What often has been lost in this work, however, is that information theory does not inform about the nature of the code used by a system, but only how efficient a carrier of information it is. In other words, it tells you how close a code is to being ``optimally compressed''. Moreover, one can only learn about a channel's characteristics if one knows what the channel is: for example, the distinction between the encoded data transmission and channel noise. Because of this, conclusions about neural coding must be made carefully:
- Presynaptic spike trains are sometimes used as the reference in determining postsynaptic information capacity. This treats a neuron as a pure encoder. However, neurons are dynamical systems, and their internal state certainly affects their discharge. To the extent that a neuron's internal state represents information to be transmitted to other cells, these approaches underestimate capacity.
- The idea that neurons are noisy and unreliable has great currency in the literature, based on observations that spike trains look ``messy'' and that multiple experiments with identical stimuli produce different discharges. These are weak definitions of noise: ``variation of a measured quantity from some expected value'' in the first case and ``whatever is not of interest'' in the second. Use of spike train variability as a noise floor in channel capacity estimation only establishes a lower bound on information content.

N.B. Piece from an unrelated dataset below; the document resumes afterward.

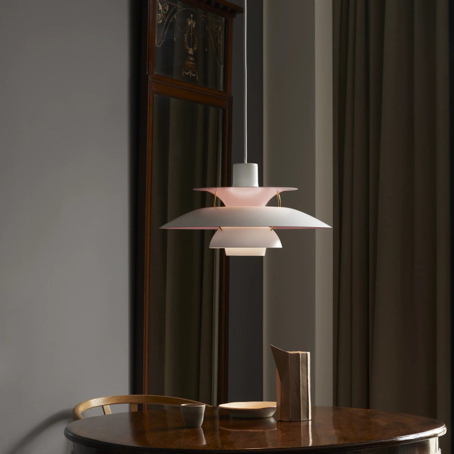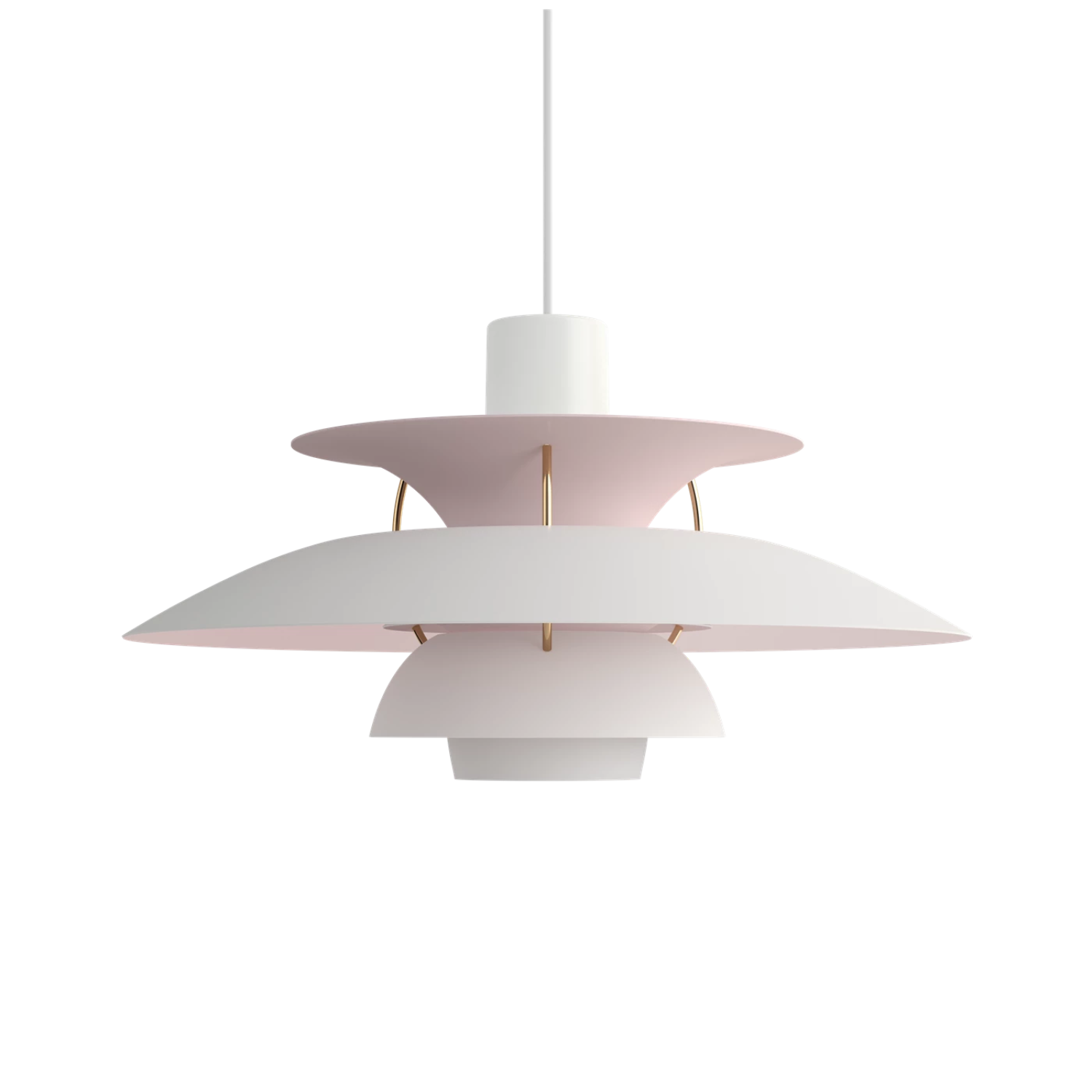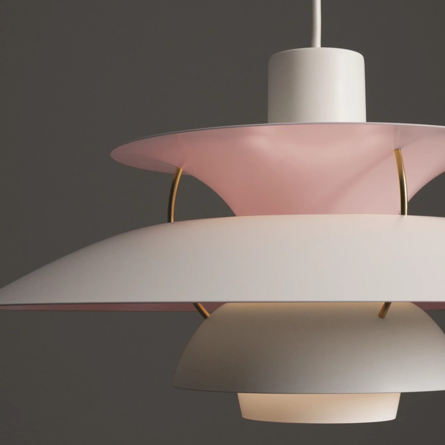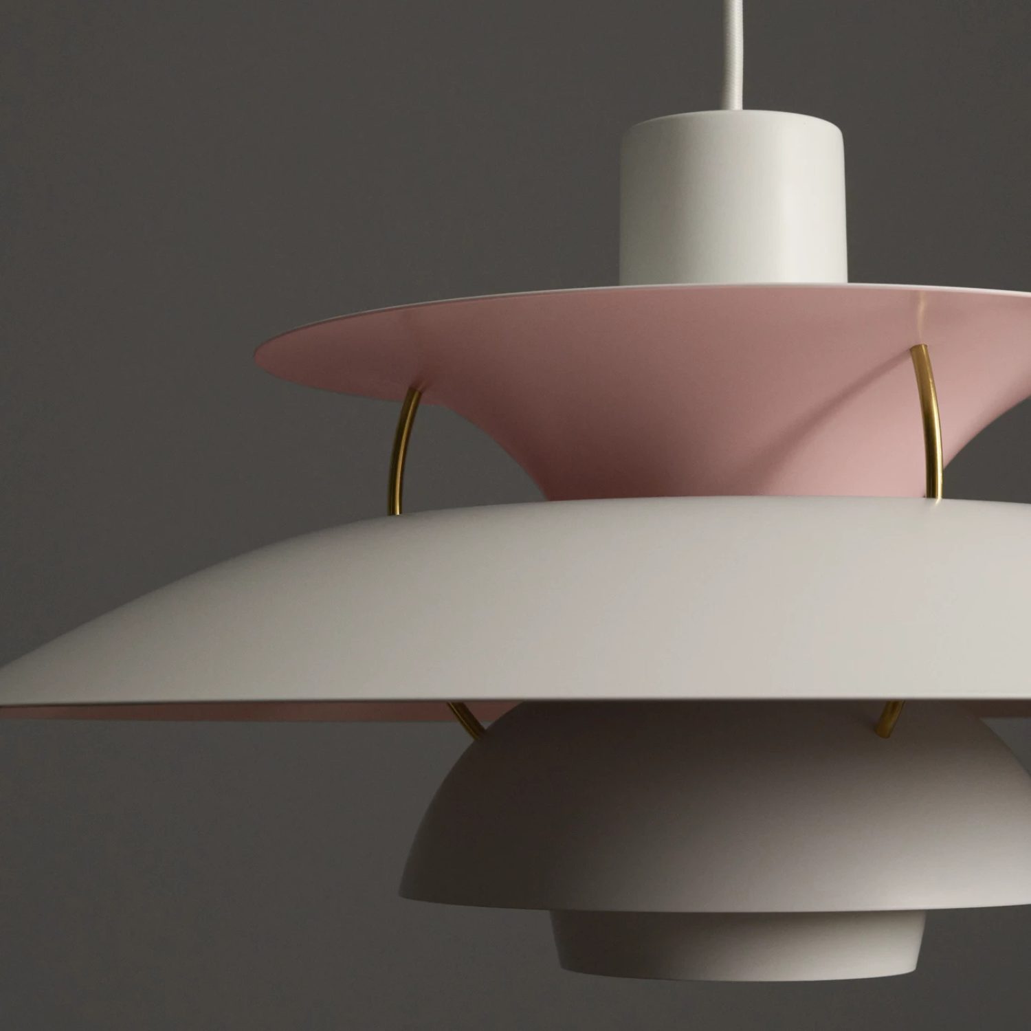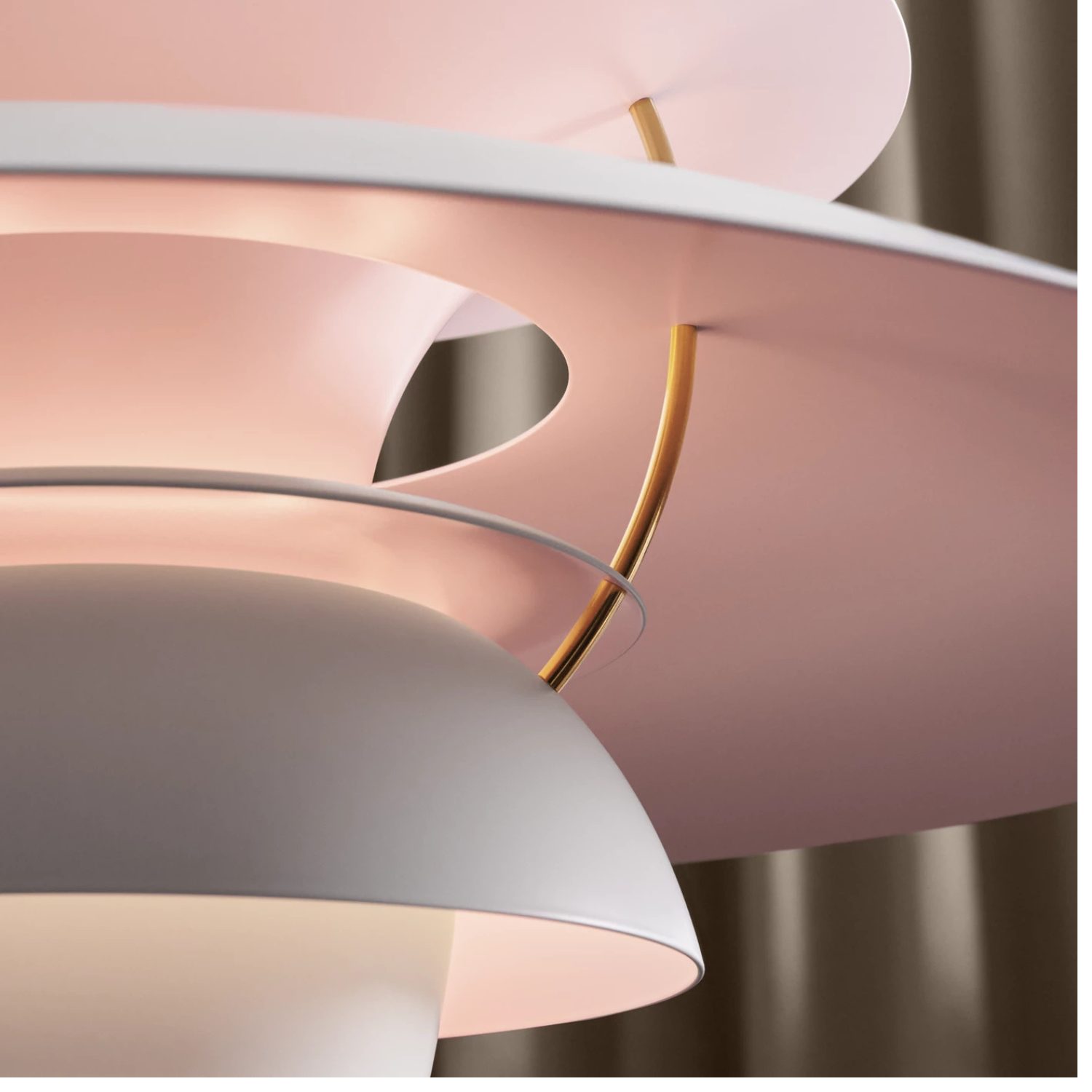Una edición especial de la icónica lámpara PH 5 diseñada por Poul Henningsen, que combina exterior blanco mate e interior rosa pálido con detalles en latón, logrando una iluminación cálida, uniforme y sin deslumbramiento.

- An apparently low information rate (in bits per spike) might be taken as evidence for rate coding. This presupposes that one knows what data is being coded, arguably only feasible for sensory cells. In any event, this at best establishes that the neural code is not optimally compressed, which is not the same thing as determining that there is no ``extra content'' in the code.
- In artificial systems, there are many reasons for not using optimally compact codes. These include: convenience, compatibility with other systems, encoding/decoding complexity, and error correction. The observation that a code contains redundancy is not the same as determining that the redundant information is not used by a system. For example, one could analyze the information content of an audio compact disc: the fact that each bit of data carries less than one bit of information does not mean that not all of the bits are used (nor does it tell one what the code is or what is being encoded).
- It is not unreasonble that similar considerations may be applicable to biological systems. Neuron construction and neural architectures have definite (though unknown) limits to their processing power. If we assume that neuron operation contains significant ``noise'' uncorrelated with information to be transmitted, then this would be expected to inject errors into the data stream. This argues for codes with significant, and useful, redundancy.
We have begun preliminary work testing the feasibility of a neural code containing error correction characteristics which requires greater spike timing precision than might be necessary to simply transmit a given amount of information. So far, we have been able to show that a physiological model of the recognized prototype of an inhibitory synapse can exhibit error correction if those errors occur in the context of overall high timing precision. We are currently working to extend these results to show that, for any nonlinear neural oscillator, coding redundancy (in the form of high temporal precision) can support error correcting codes.